◆ What this task involves
Below is a listing; retype exactly the line with "Fun Adidas sneakers" and every line after it through the end, and only those, leaving out the pictures.

◆ Data segment

_ _ _ _ _ _ _

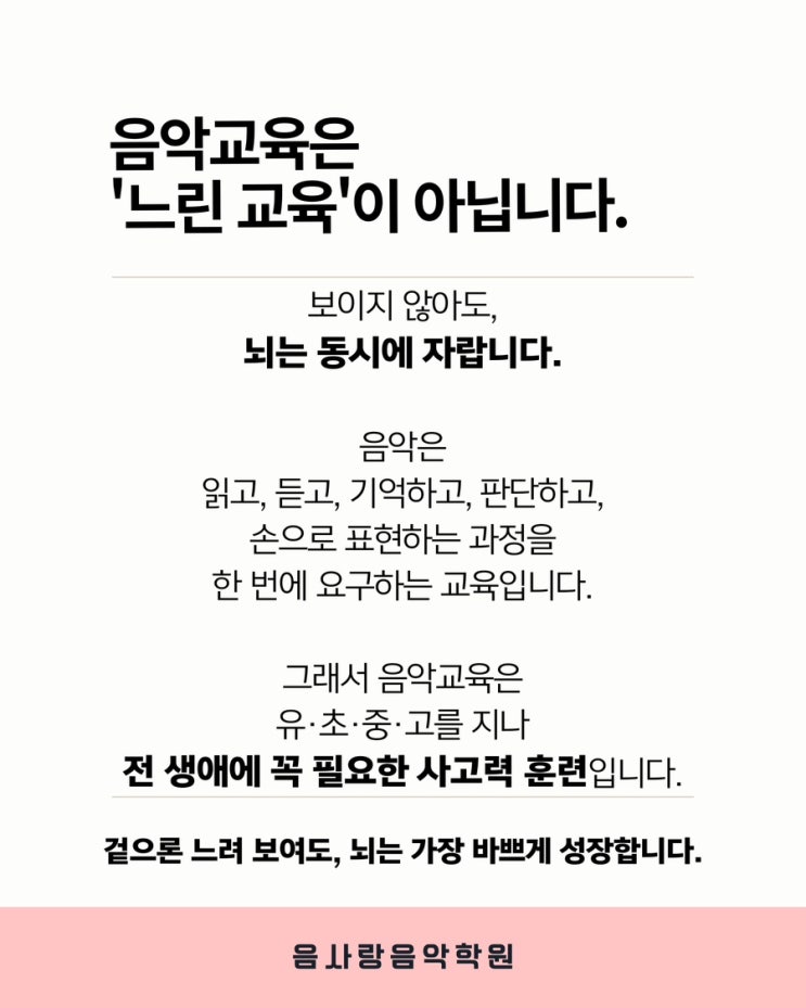 아이 교육을 이야기할 때 우리는 종종 '눈에 보이는 결과'를 먼저 떠올립니다. 문제를 빨리 푸는 아이, 정답을 정확히 맞히는 아이. 물론 기술은 중요합니다. 하지만 기술은 상황이 바뀌면 쉽게 한계를 드러냅니다. 눈앞의 문제 하나를 푸는 능력은 분명 기술입니다. 반면, 한 곡의 악보를 읽고 그 안의 구조를 이해하고 자기 생각을 정리해 연주로 표현해내는 과정은 아이 안에 쌓이는 힘입니다. 음악교육이 느려 보이는 이유 음악교육은 빠른 결과를 보여주지 않습니다. 그래서 때로는 느리고 한가한 교육처럼 보이기도 합니다. 하지만 음악을 배우는 아이의 뇌에서는 이미 많은 일이 동시에 일어나고 있습니다. 악보를 읽으며 언어....... <img src="https://blogthumb.pstatic.net/MjAyNjAyMTFfMTYy/MDAxNzcwODExNDk5Njc4.aF4hbQypYSfHY4BTmewa-uiNZf8a-czxOa6lWN3DPEcg.PfcYlOoQCP_ba-z1HSek6EY0Zfptl1KFMNZ1JlHEMS4g.JPEG/IMG%A3%DF2859.JPG?type=s3" />
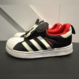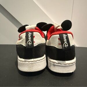 Fun Adidas sneakers with Mickey design. Black and white with red accents. Comfortable and playful.
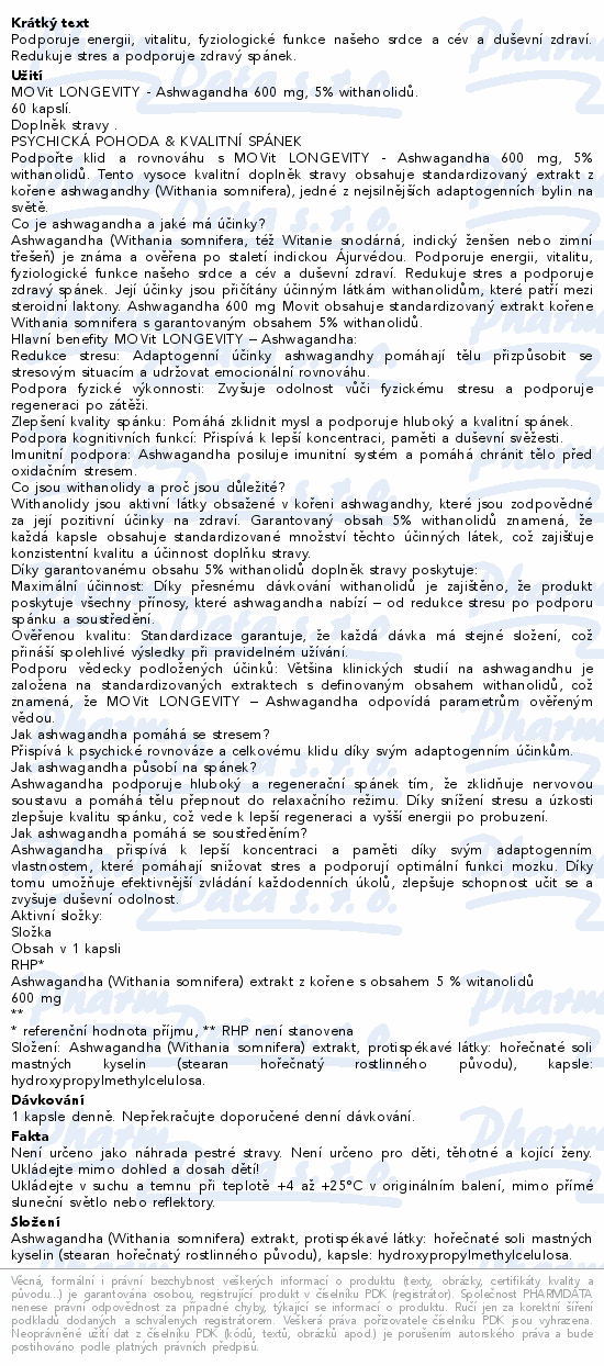 MOVit Longevity ASHWAGANDHA 600mg cps.60
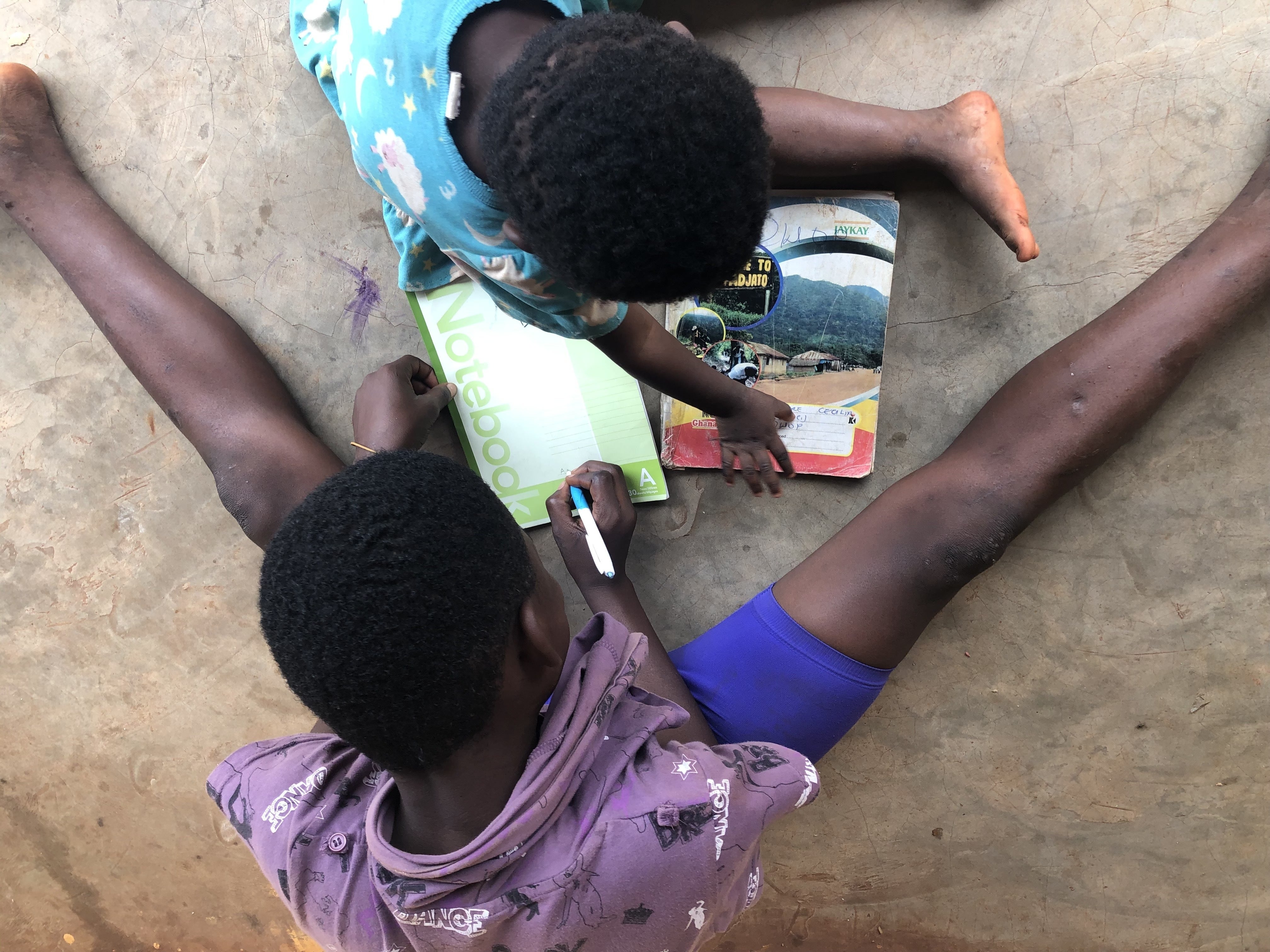ノートとペンを渡したら、英語の勉強を始めた子供たち。勉強することは大好きなんです。

_ _ _ _ _ _ _

◆ Your solution
 Fun Adidas sneakers with Mickey design. Black and white with red accents. Comfortable and playful.
 MOVit Longevity ASHWAGANDHA 600mg cps.60
ノートとペンを渡したら、英語の勉強を始めた子供たち。勉強することは大好きなんです。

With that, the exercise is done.